Data obtained from a depression screening service for patients who were attending clinics of a Regional Cancer Centre in Edinburgh, United Kingdom were used. Patients had completed both the PHQ-9 and a 2-stage procedure to identify cases of MDD. Performance of the PHQ-9 in identifying cases of MDD was determined using receiver operating characteristic (ROC) analysis.

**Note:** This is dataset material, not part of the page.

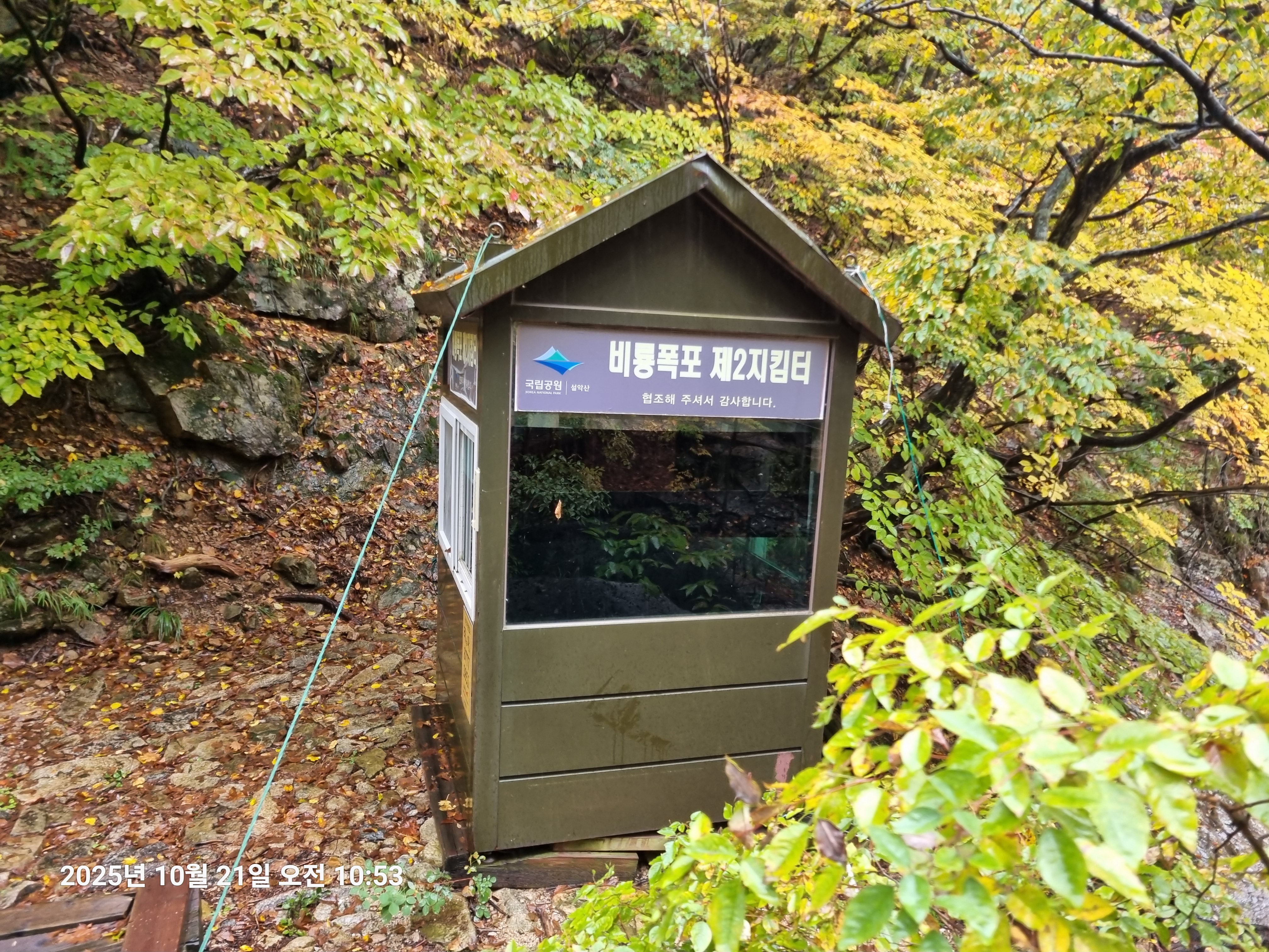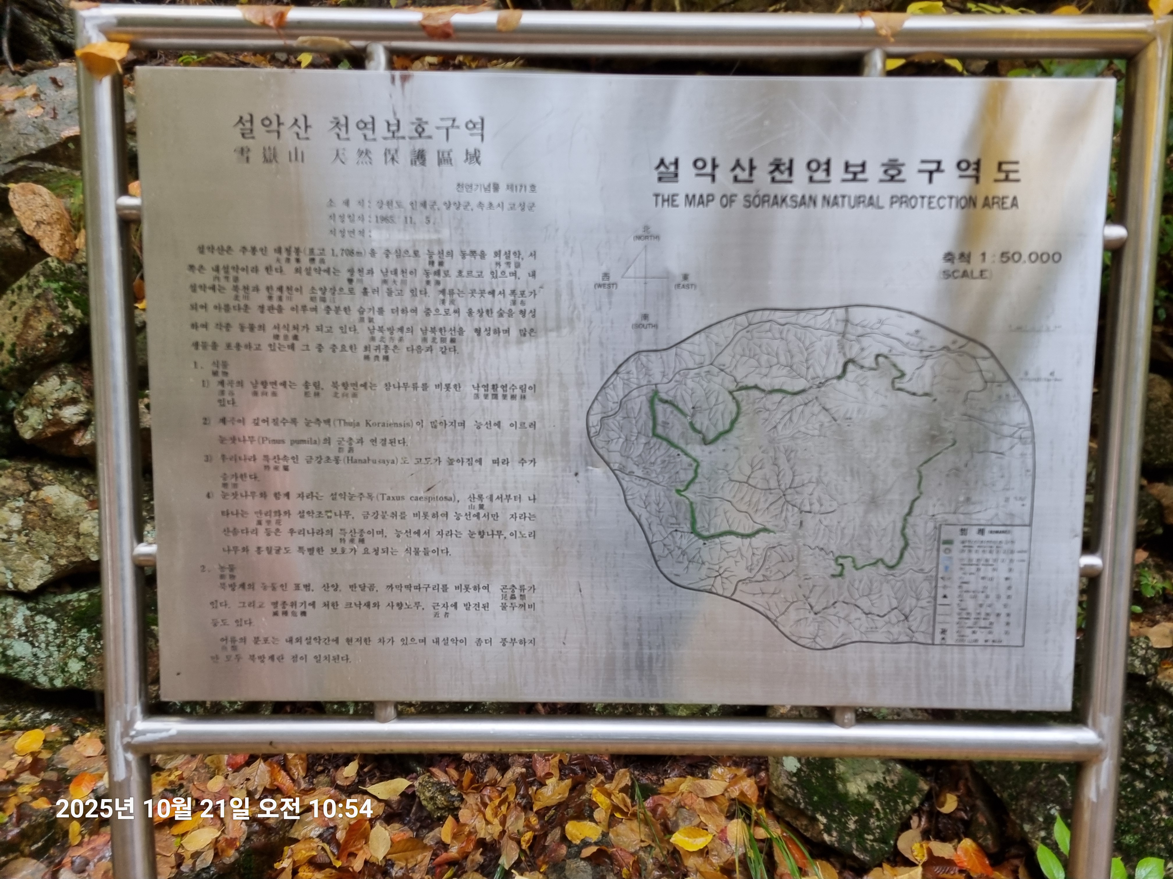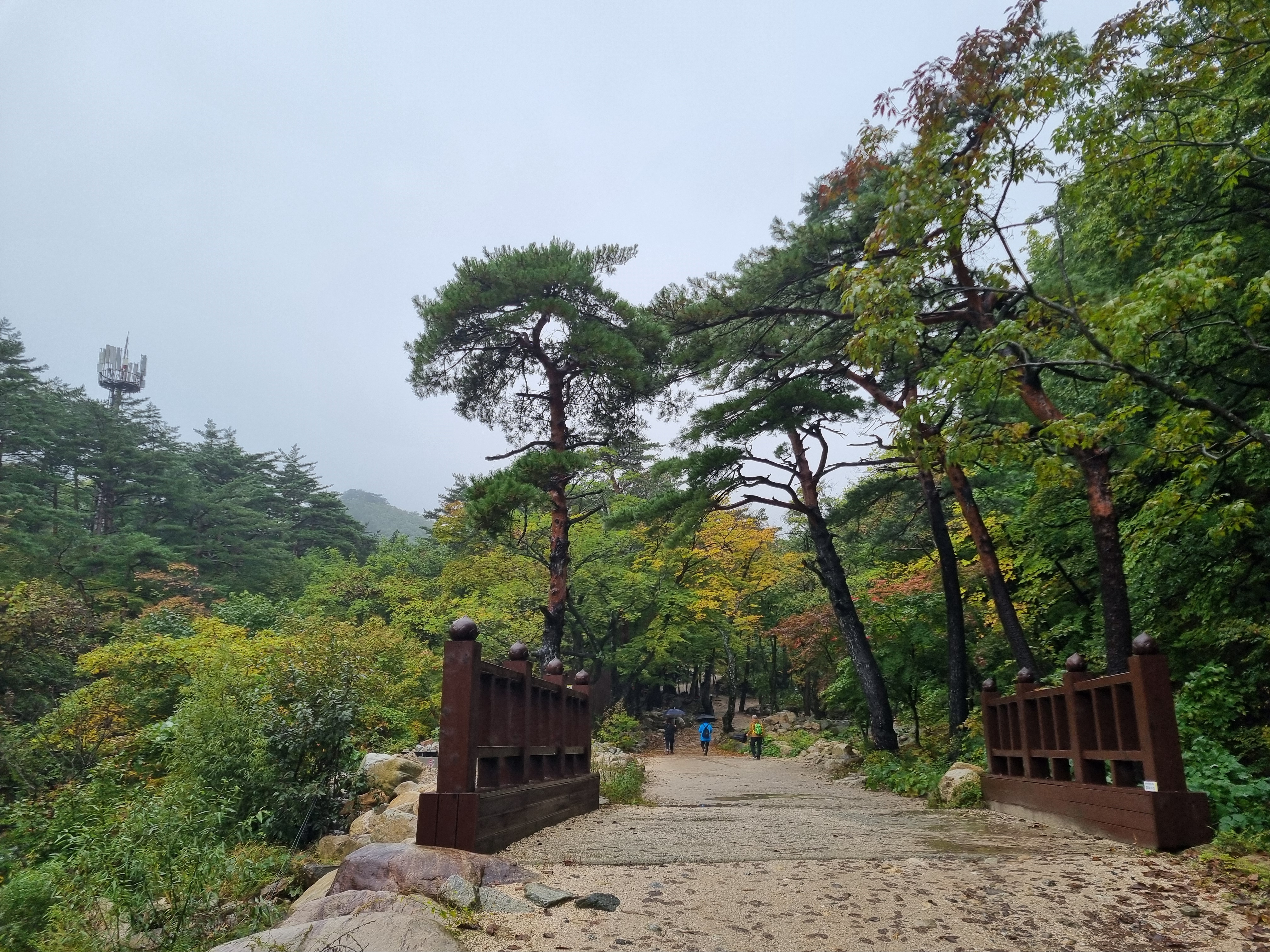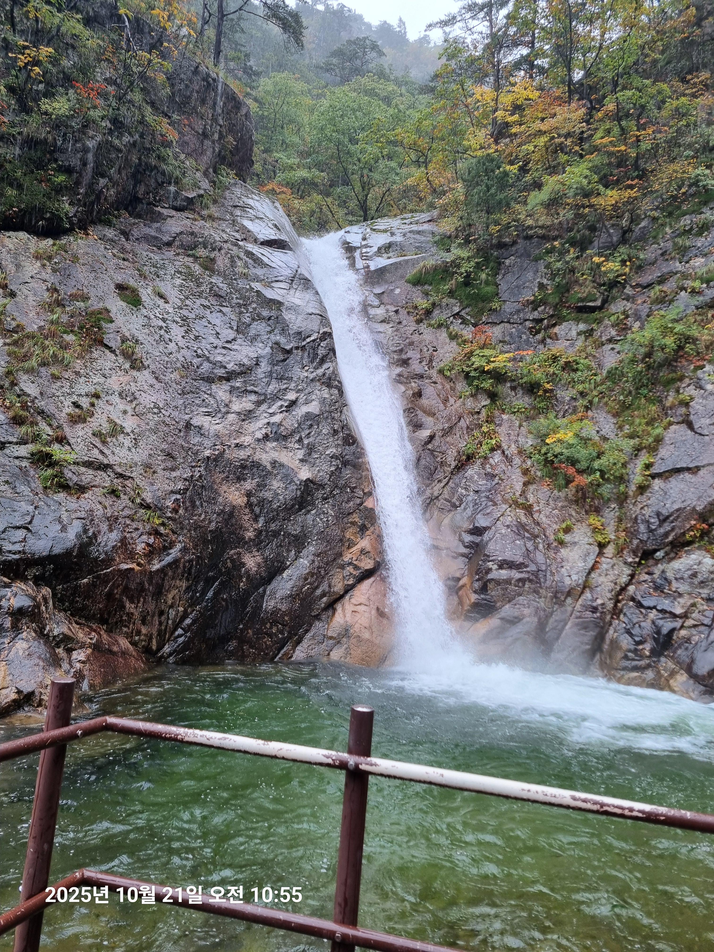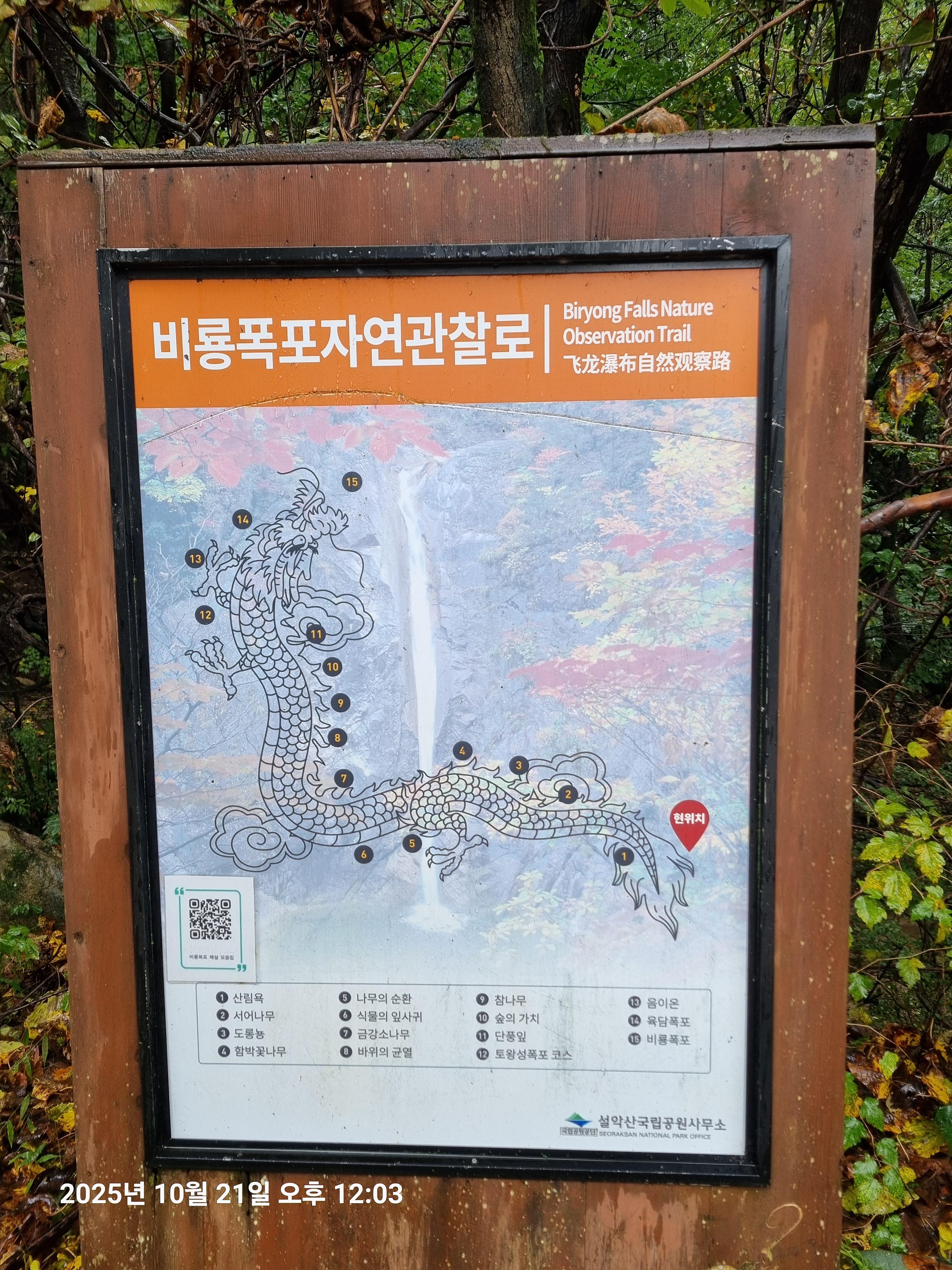 2025년 10월 28일 화요일. 마포산사랑산악회 회원들과 함께 ... 설악동은 비가 내린다. 계속 비가 내려 토왕성폭포 전망대와 울산바위 아래 흔들바위 계조암까지 산책하고 돌아왔다.

Data were available on 4264 patients. When scored as a continuous measure, the PHQ-9 performed well with an area under the ROC curve of 0.94 (95% confidence interval [CI], 0.93-0.95). A cutoff score of ≥8 provided a sensitivity of 93% (95% CI, 89%-95%), a specificity of 81% (95% CI, 80%-82%), a positive predictive value (PPV) of 25%, and a negative predictive value (NPV) of 99% and could be considered optimum in a screening context. The PHQ-9 did not perform as well when it was scored using an algorithm with a sensitivity of 56% (95% CI, 55%-57%), a specificity of 96% (95% CI, 95%-97%), a PPV of 52%, and an NPV of 97%.
The PHQ-9 scored as a continuous measure with a cutoff score of ≥8 performed well in identifying MDD in cancer patients and should be considered as a screening instrument in this population. Cancer 2011. © 2010 American Cancer Society.